Sous réserve des éventuelles adaptations rendues nécessaires par l'évolution de l'épidémie, ce protocole sanitaire doit donc être maintenu pour les élections régionales et départementales de 2021 .
Les efforts doivent également être poursuivis pour lutter contre la « mal-inscription », qui touche les électeurs dont le rattachement à un bureau de vote ne correspond pas à leur lieu de vie effectif .
Selon Cécile Braconnier, politologue, 7,6 millions de Français se trouveraient dans cette situation, sur un total de 48 millions d'électeurs inscrits 16 ( * ) . Ils ont une propension trois fois plus importante à l'abstention que les citoyens dont le bureau de vote se situe à proximité de leur domicile.
Il s'agit, dans la plupart des cas, d'étudiants ou de jeunes actifs déménageant à mesure que leur foyer s'élargit. Sur le plan statistique, La Poste rappelle que, chaque année, 12 % des Français changent de domicile, sans toujours penser à modifier leur commune d'inscription sur les listes électorales.
Opérationnel depuis le 1 er janvier 2019, le Répertoire électoral unique (REU) apporte une première réponse : chaque électeur peut désormais vérifier l'adresse de son bureau de vote et s'inscrire, en ligne, sur les listes électorales jusqu'au sixième vendredi précédant le scrutin.
Enfin, la question des machines à voter a été évoquée lors des travaux de la mission d'information, les communes utilisatrices craignant de ne pas pouvoir renouveler leurs équipements.

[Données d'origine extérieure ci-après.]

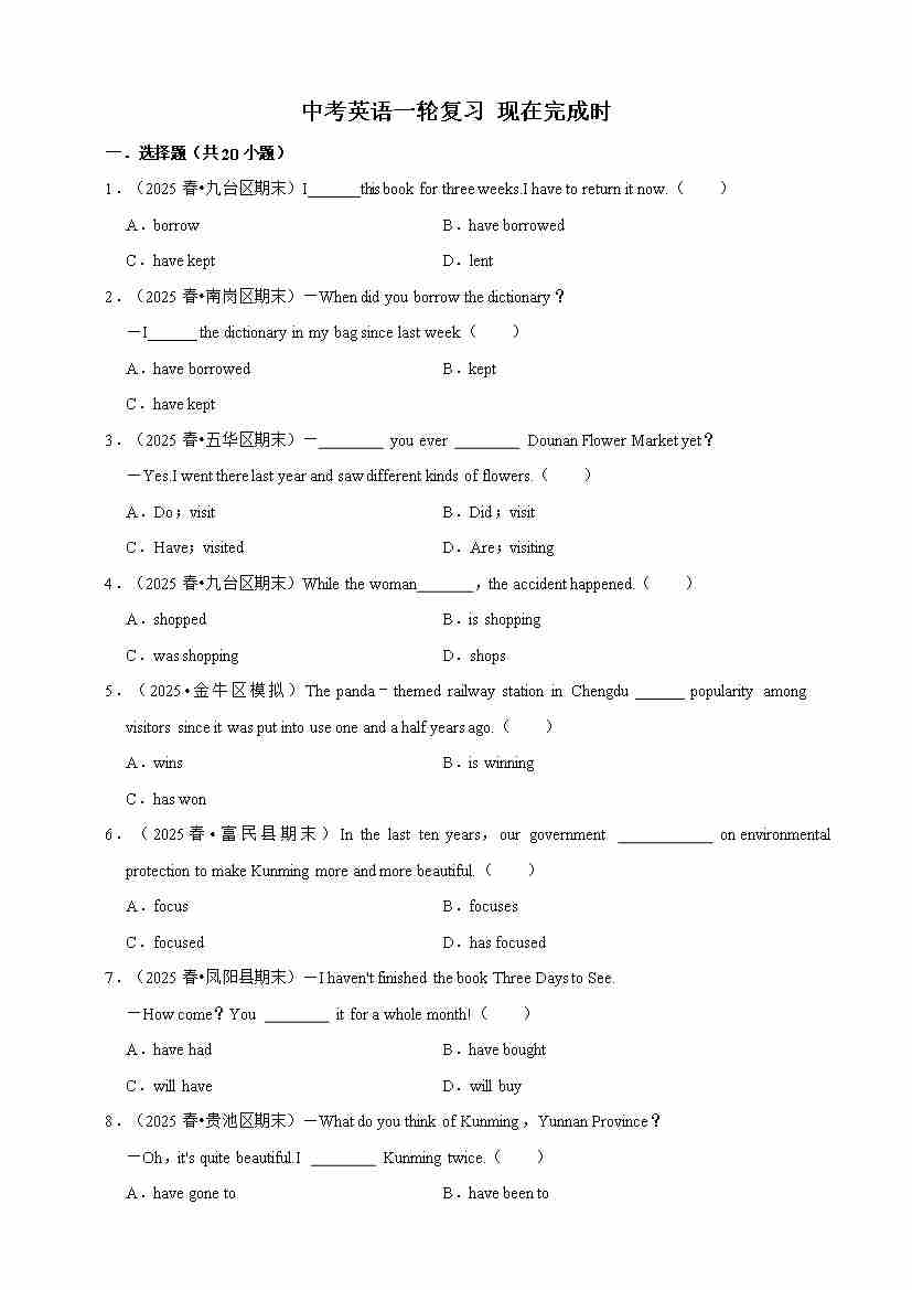 2026年中考英语一轮复习 现在完成时(含答案解析)
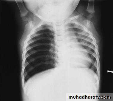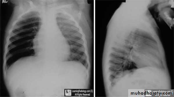 Expiratory chest radiograph in a 12-month-old boy with a 2-month history of wheezing demonstrates continued hyperlucency and hyperexpansion of the right hemithorax.
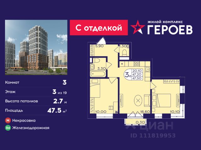 Продаётся 2-комнатная квартира 35 кв. м. в жилом комплексе "Героев" в Балашихе, Железнодорожный. Квартира расположена на 3 этаже 611 корпуса. Все квартиры представлены с чистовой отделкой. Вам не нужно тратить время и дополнительные финансы на ремонт или жить в шуме строительных работ - достаточно перевести свои вещи, расставить мебель и всё готово! Жилой квартал "Героев" - это уютный проект для семей с детьми. Всего 40 минут до центра Москвы. В квартале созданы все условия для досуга всех возрастов: игровые и спортивные площадки, места для отдыха и прогулок, магазины, кафе и пункты выдачи. За 15 минут можно дойти от дома до Ольгинского лесопарка - популярного места для прогулок и отдыха на свежем воздухе. Здесь приятно гулять всей семьёй, заниматься спортом или устроить пикник в выходной день. Преимущества: Квартира с готовой отделкой. Пространство полностью подготовлено для жизни: не нужно тратить время и деньги на ремонт или ждать его окончания. После получения ключей достаточно расставить мебель - и можно сразу заезжать и жить. Продуманные и светлые планировки. Просторные кухни-гостиные создают комфортное пространство для отдыха и встреч с близкими. В квартирах предусмотрены удобные гардеробные, благодаря чему легко поддерживать порядок и не перегружать комнаты шкафами. Увеличенное остекление. Большие окна наполняют квартиру естественным светом в течение всего дня, создавая ощущение простора и уюта, а также визуально расширяя пространство и делая интерьер более воздушным. Пешая доступность до станции Железнодорожная (МЦД-4) - дорога займёт не более 30 минут до центра Москвы: станции метро "Курская", "Площадь Ильича" или ТПУ Нижегородская.

La mission ne peut que renvoyer aux travaux antérieurs de la commission des lois, qui invitaient à « mettre un terme au moratoire de 2008 pour sécuriser la situation des communes qui utilisent les machines à voter et agréer une nouvelle génération d'appareils » 17 ( * ) .
* 10 Ce discours est consultable à l'adresse suivante : http://www2.assemblee-nationale.fr/decouvrir-l-assemblee/histoire/grands-discours-parlementaires/victor-hugo-21-mai-1850 .
* 11 Loi ayant pour objet d'assurer le secret et la liberté de vote, ainsi que la sincérité des opérations électorales.
* 12 « Le secret de l'isoloir », Actes de la recherche en sciences sociales, volume 71-72, mars 1988.
* 13 Contrairement au canton de Genève où les « jurés de dépouillement » peuvent être indemnisés.
* 14 « Modalités sanitaires du processus électoral à la sortie du confinement », avis du 18 mai 2020.
* 15 Circulaire du 18 juin 2020 relative à l'organisation du second tour des élections municipales en période de coronavirus covid-19.
* 16 Source : audition devant la mission d'information.
* 17 « Réconcilier le vote et les nouvelles technologies », rapport d'information n° 73 (2018-2019) fait par Jacky Deromedi et Yves Détraigne au nom de la commission des lois du Sénat.